Au début des années 2000, Jean-Christophe représenta les personnels au Comité technique paritaire ministériel et parallèlement au Comité technique paritaire de la Direction des Musées de France. Après la RGPP, il fut élu au Comité technique paritaire de la Direction Générale des Patrimoines, puis, récemment encore, au Comité technique de la filière musée.

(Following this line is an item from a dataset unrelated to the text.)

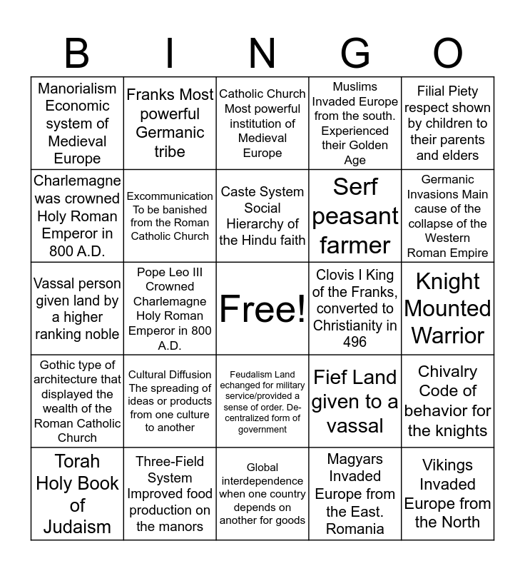 This bingo card has a free space and 25 words: Cultural Diffusion The spreading of ideas or products from one culture to another, Global interdependence when one country depends on another for goods, Caste System Social Hierarchy of the Hindu faith, Torah Holy Book of Judaism, Filial Piety respect shown by children to their parents and elders, Manorialism Economic system of Medieval Europe, Charlemagne was crowned Holy Roman Emperor in 800 A.D., Franks Most powerful Germanic tribe, Clovis I King of the Franks, converted to Christianity in 496, Feudalism Land echanged for military service/provided a sense of order. De-centralized form of government, Serf peasant farmer, Vassal person given land by a higher ranking noble, Fief Land given to a vassal, Chivalry Code of behavior for the knights, Excommunication To be banished from the Roman Catholic Church, Guild like a labor union today. Used to decrease competition between people doing the same job, Knight Mounted Warrior, Catholic Church Most powerful institution of Medieval Europe, Germanic Invasions Main cause of the collapse of the Western Roman Empire, Pope Leo III Crowned Charlemagne Holy Roman Emperor in 800 A.D., Vikings Invaded Europe from the North, Three-Field System Improved food production on the manors, Gothic type of architecture that displayed the wealth of the Roman Catholic Church, Muslims Invaded Europe from the south. Experienced their Golden Age and Magyars Invaded Europe from the East. Romania.

Mais c’est assurément dans son mandat de toujours à la Commission administrative paritaire des chargés d’études documentaires qu’il put exprimer au mieux cette noble idée : avoir de l’ambition et des revendications offensives pour les politiques publiques culturelles est encore le meilleur moyen de transformer les choses à hauteur des métiers, des missions des personnels, du sens de leur travail et de leurs conditions de travail. Nombreux sont ceux qui ont pu bénéficier de son écoute bienveillante, de ses conseils et de son soutien.
Jean-Christophe restera une figure majeure, inoubliable de la CGT-Culture. Nous ne sommes pas près d’oublier, sa voix, son sourire, son humour parfois grinçant et si vivifiant, son amour des idées et des autres, sa générosité sensible, sa présence élégante et pudique.
Jean-Christophe était aussi un militant très engagé et impliqué dans la vie associative, scolaire et politique de sa commune Athis-Mons. Encore récemment et durant le mouvement des gilets jaunes, il manifestait chaque samedi contre les injustices sociales, pour l’honneur des travailleurs et un monde meilleur.
Jean-Christophe, tous tes camarades et tes amis te saluent fraternellement. Ton départ est inconcevable. Nous sommes inconsolables mais tellement heureux et fiers de t’avoir connu. Va en paix et dans l’amour inextinguible des tiens.